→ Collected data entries
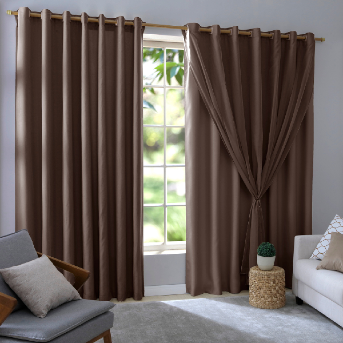 A cortina Bruna é confecionada em dois tecidos, sendo um deles o forro e o voal liso na parte de cima. Este modelo não reduz a luminosidade e bloqueia a visão do lado de fora.
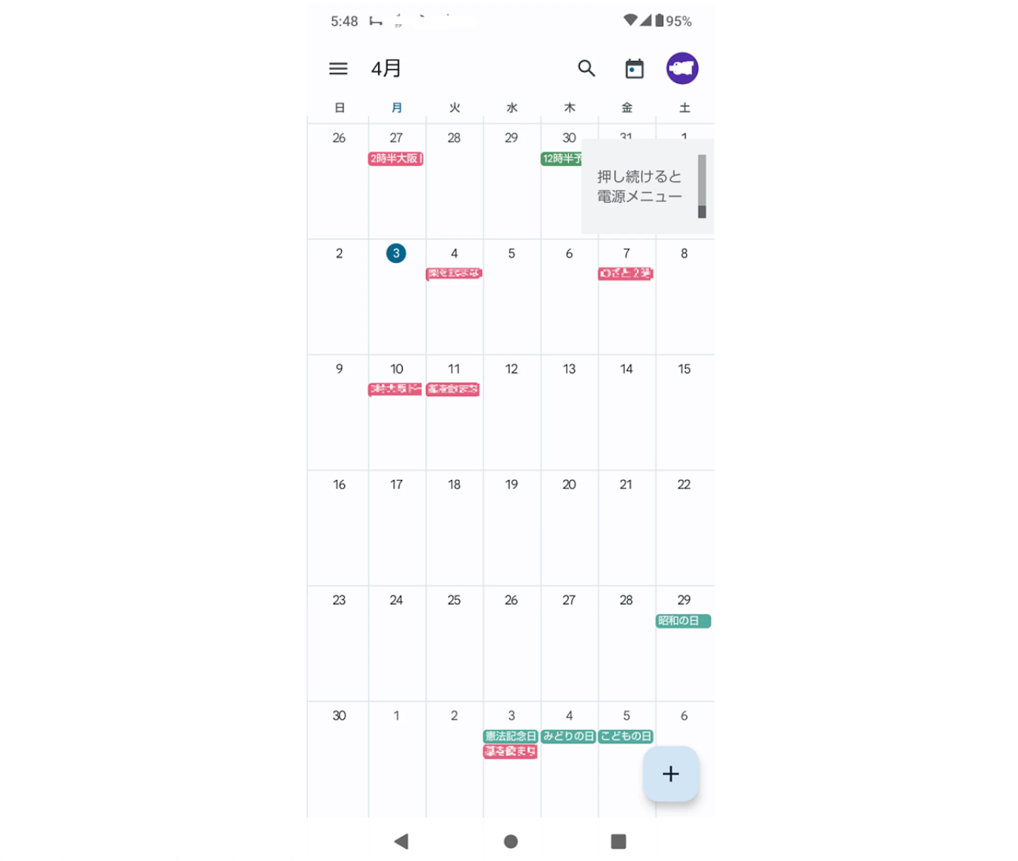 お伝えした通り、登録しているGoogleアカウントごとの設定も簡単にできるので、仕事とプライベートの予定などで色分けできます。
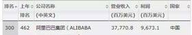 而阿里巴巴只排在第300位置,预计2019年能排进前200名。
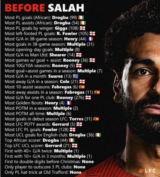 - 最近@LFC_发布了《萨拉赫之前/之后》英超纪录对比榜单,我一眼扫过去就乐了:上半张是德罗巴、亨利、鲁尼这些老...发表于: 12-29 08:43
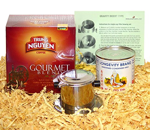 -. Feature : Contains Trung Nguyen Creative 2 coffee, 6 ounce Trung Nguyen logo-embossed Phin filter/brewer, 14-ounce Longevity sweetened condensed milk, and pictorial instructions for making Café Sua Da. / Recreate the genuine Vietnamese coffee shop experience, brew either iced coffee or hot / Traditional Phin brewer with Trung Nguyen embossed logo, stainless steel, 6 ounce / Pictorial instructions to help you make perfect Vietnamese coffee the first time / This kit is only available as pictured from HEIRLOOM COFFEE LLC.
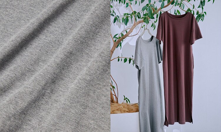カジュアルなカットソーのワンピースでありながら、見た目の上質感のおかげで、ちょっとドレス感のある着こなしもできます。
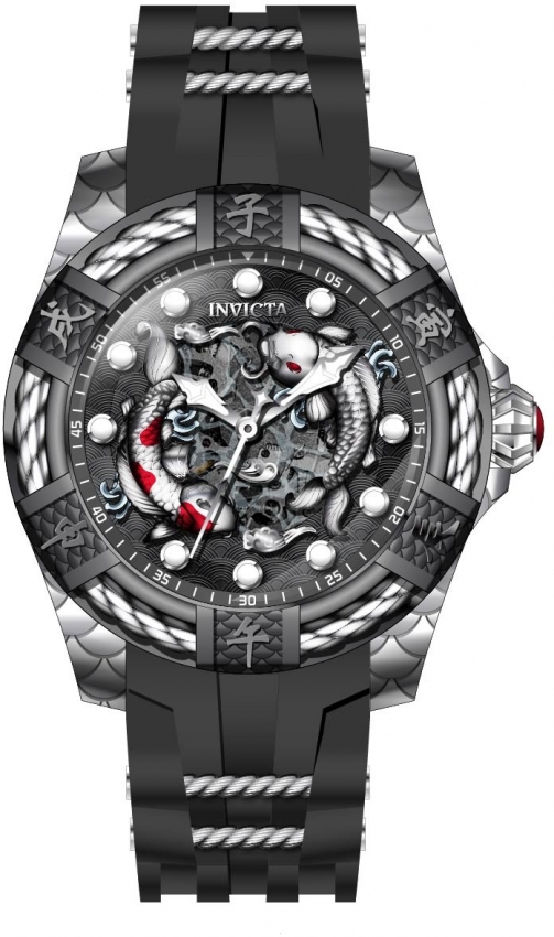 Silver-tone stainless steel case with a black and silver-tone stainless steel and silicone strap. Fixed silver-tone and gunmetal stainless steel and cable bezel. Gunmetal dial with silver-tone hands and index hour markers. Minute markers around the outer rim. Dial Type: Analog. Luminescent hands and markers. Two sub-dials displaying: 24 hour and 60 second. Caliber G2665Z automatic movement. Scratch resistant Flame Fusion crystal. Pull / push crown. Transparent see through case back. Round case shape, case size: 52 mm. Band width: 26 mm, band length: 8.25 inches. Buckle clasp. Water resistant at 100 meters / 330 feet. Functions: GMT, second time zone, hour, minute, second. Bolt Series. Invicta Bolt Automatic Gunmetal Dial Mens Watch 32338.
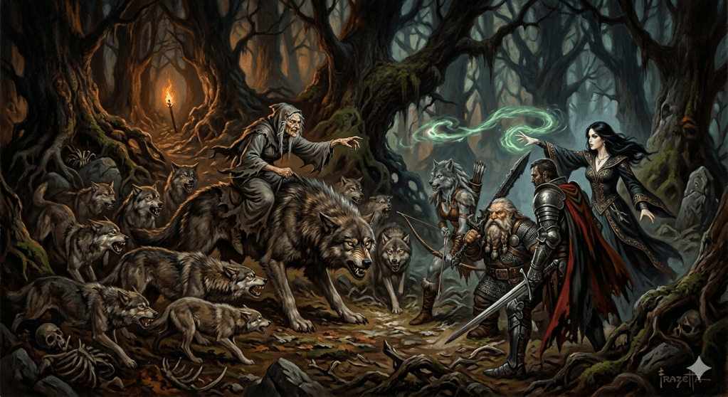 The adventurers fought a running battle through the forest before breaking the first line of the dead. While they caught their breath, they heard what sounded like a warhorse followed by a pack of wolves.
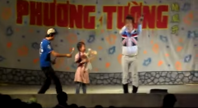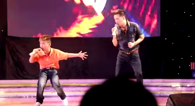 | Sau phút đầu có vẻ rụt rè, thậm chí không dám nhìn thẳng xuống khán giả, nhưng đến khi cất tiếng hát đầu tiên, cậu nhóc dần phiêu với âm nhạc. Nhận được những tràng pháo tay cổ vũ của khán giả cũng như sự động viên của Đan Trường, cậu bé bắt đầu vừa hát vừa biểu diễn rất nhiệt tình. Dù giọng hát còn ngọng nghịu, nhưng fan nhí này vẫn giữ đúng nhịp điệu của từng câu hát. Sau khi kết thúc màn trình diễn có một không hai này, cậu bé cũng chia sẻ với Đan Trường ước mơ làm ca sĩ của mình. |
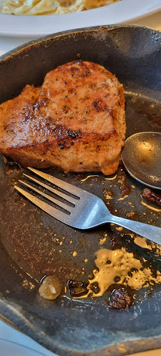 Bestellt wurde das Steak mit Zwiebeln, Kräuterbutter, Pommes und einem Beilagensalat. Essen war sehr sehr lecker, große Portionen, schön angerichtet, Preis Leistung mehr als gut!
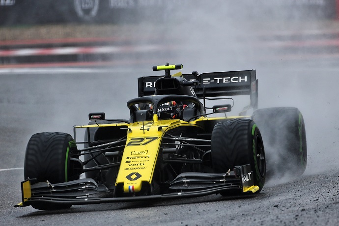 Hülkenberg parece ser la esperanza de los franceses y se mantiene entre el cuarto y quinto puesto, durante algunos kilómetros se coloca segundo, hasta que Bottas y su flecha plateada le dan un baño de realidad. Parte de su buen resultado fue no colocar neumáticos de seco, pero en la vuelta 41 pierde el control de su auto. En la curva 17 se va contra las vallas y nada puede hacer para volver a pista.

→ WHAT THE TASK ASKS
Retype the entries above exactly, starting at their first line and ending with the line that holds "カジュアルなカットソーのワン"; pictures stay out.

→ EXERCISE SOLUTION
 A cortina Bruna é confecionada em dois tecidos, sendo um deles o forro e o voal liso na parte de cima. Este modelo não reduz a luminosidade e bloqueia a visão do lado de fora.
 お伝えした通り、登録しているGoogleアカウントごとの設定も簡単にできるので、仕事とプライベートの予定などで色分けできます。
 而阿里巴巴只排在第300位置,预计2019年能排进前200名。
 - 最近@LFC_发布了《萨拉赫之前/之后》英超纪录对比榜单,我一眼扫过去就乐了:上半张是德罗巴、亨利、鲁尼这些老...发表于: 12-29 08:43
 -. Feature : Contains Trung Nguyen Creative 2 coffee, 6 ounce Trung Nguyen logo-embossed Phin filter/brewer, 14-ounce Longevity sweetened condensed milk, and pictorial instructions for making Café Sua Da. / Recreate the genuine Vietnamese coffee shop experience, brew either iced coffee or hot / Traditional Phin brewer with Trung Nguyen embossed logo, stainless steel, 6 ounce / Pictorial instructions to help you make perfect Vietnamese coffee the first time / This kit is only available as pictured from HEIRLOOM COFFEE LLC.
カジュアルなカットソーのワンピースでありながら、見た目の上質感のおかげで、ちょっとドレス感のある着こなしもできます。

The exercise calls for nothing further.